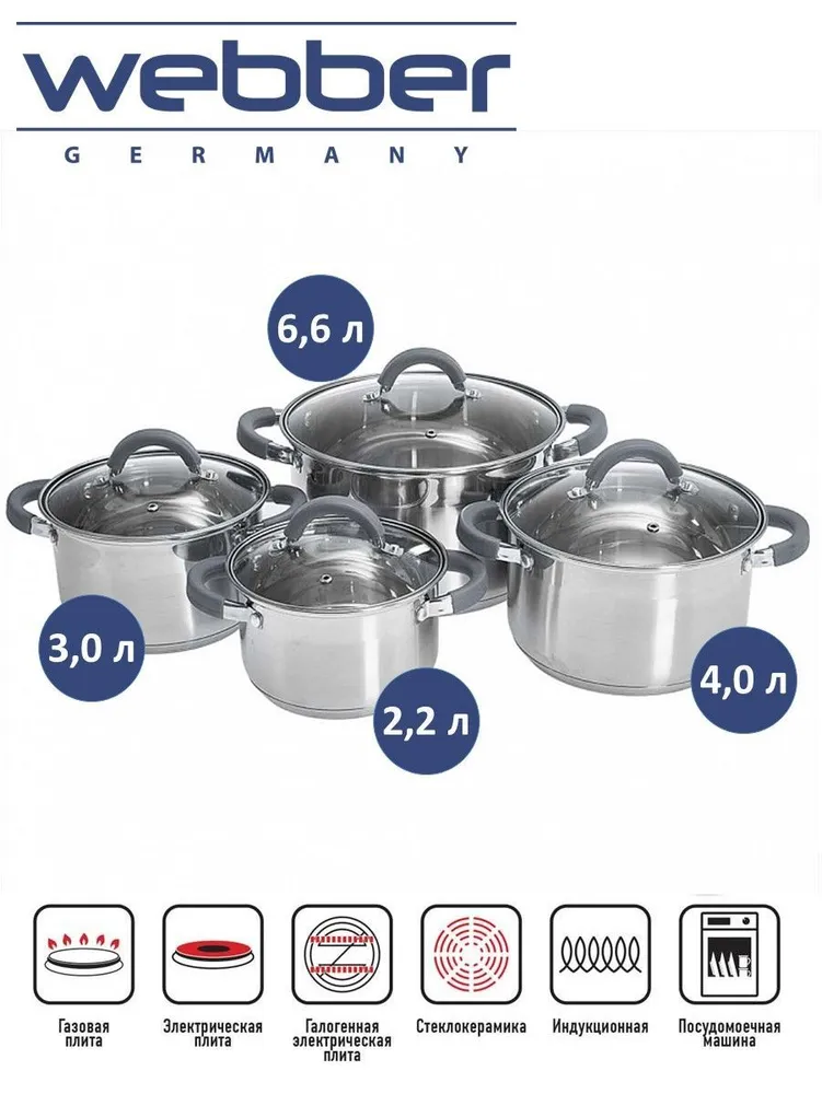 Набор посуды, WEBBER BE-626/8, 8 предметов: 4 кастрюли, из нержавеющей стали со стеклянными крышками. Ваш надежный спутник на пути к созданию кулинарных шедевров. С ним вы будете готовить легко, благодаря высокому качеству и разнообразию предметов. Это означает, что у вас всегда будет подходящая кастрюля для приготовления разных блюд, как на индукционной плите, так и газовой плите.
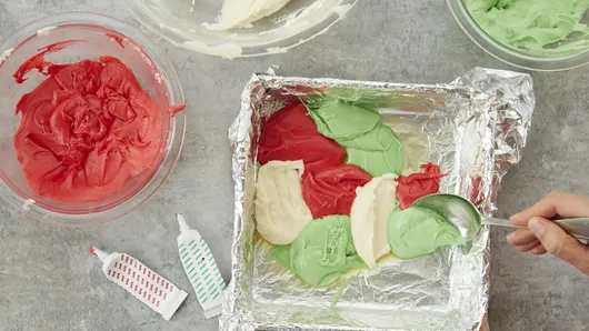 Drop heaping tablespoons of green, red and white fudge mixture in bottom of pan to create random pattern. Pull table knife through layers for marbled design. Refrigerate uncovered until set, about 1 hour.
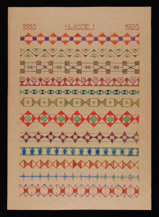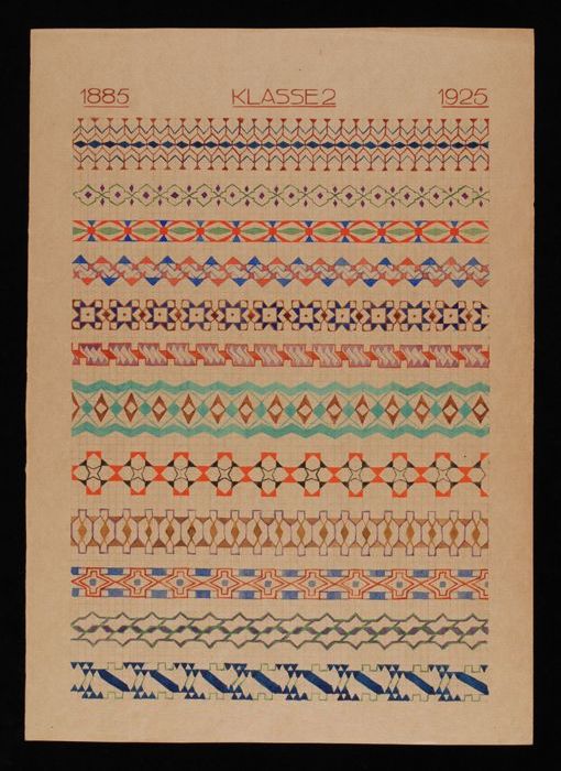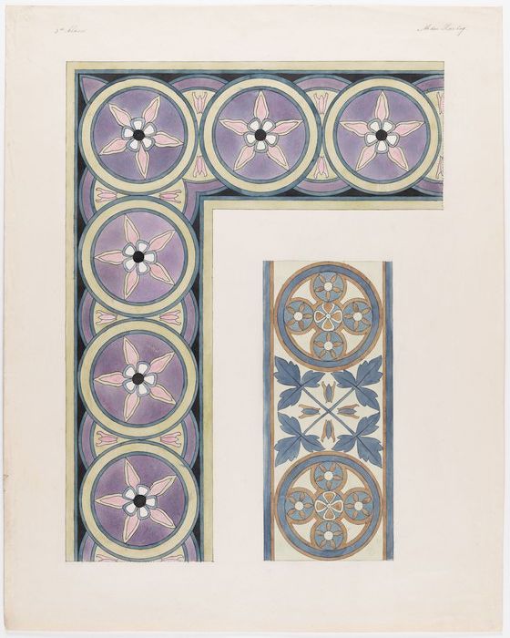 Twee tekeningen van verschillende ornamentranden met...
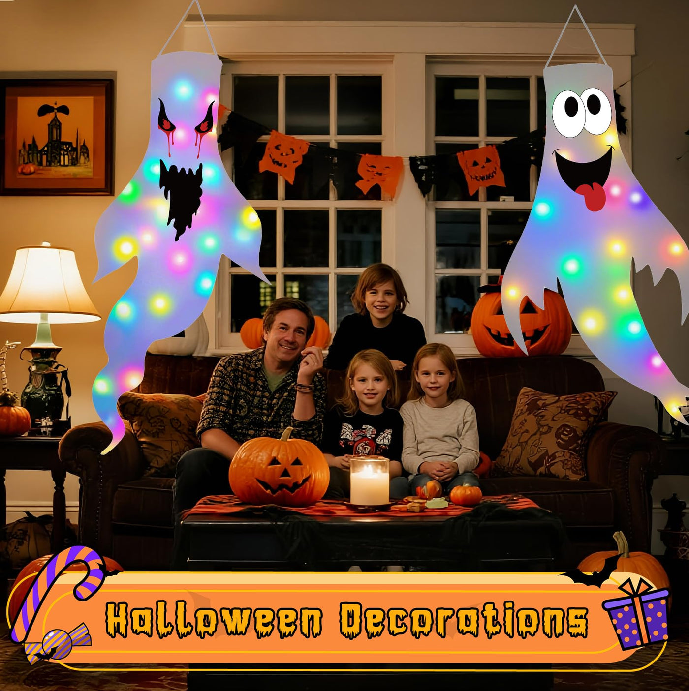 Halloween Decorations Outdoor: Transform your yard into a haunted paradise! These 2 large hanging ghosts outdoor decorations create spooky-fun ambiance for porch ghost displays or Halloween yard decorations outdoor. The light up ghosts captivate trick-or-treaters as floating ghost silhouettes in the dark.
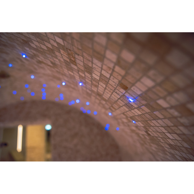 LED osvetlitev je nameščena pod zgornjim pogradom, v naslonjalih in za trakom iz himalajske soli.
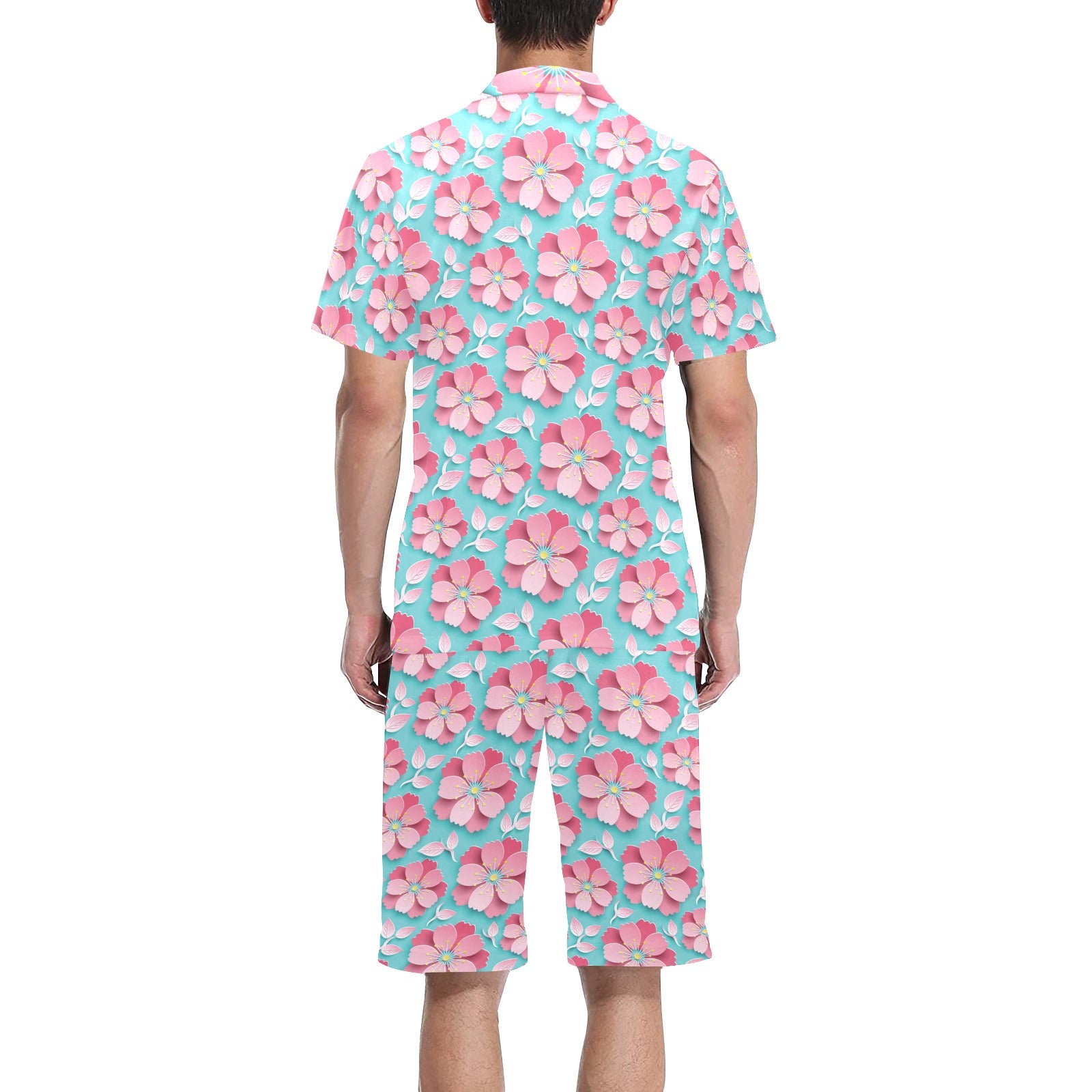3D sakura cherry blossom pattern Men's V-Neck Short Pajama Set

········

● **WORK ITEM**
Leave every picture out and set down exactly the lines running from the one with "Twee tekeningen van" to the last line of the material above.

● **EXERCISE RESPONSE**
 Twee tekeningen van verschillende ornamentranden met...
 Halloween Decorations Outdoor: Transform your yard into a haunted paradise! These 2 large hanging ghosts outdoor decorations create spooky-fun ambiance for porch ghost displays or Halloween yard decorations outdoor. The light up ghosts captivate trick-or-treaters as floating ghost silhouettes in the dark.
 LED osvetlitev je nameščena pod zgornjim pogradom, v naslonjalih in za trakom iz himalajske soli.
3D sakura cherry blossom pattern Men's V-Neck Short Pajama Set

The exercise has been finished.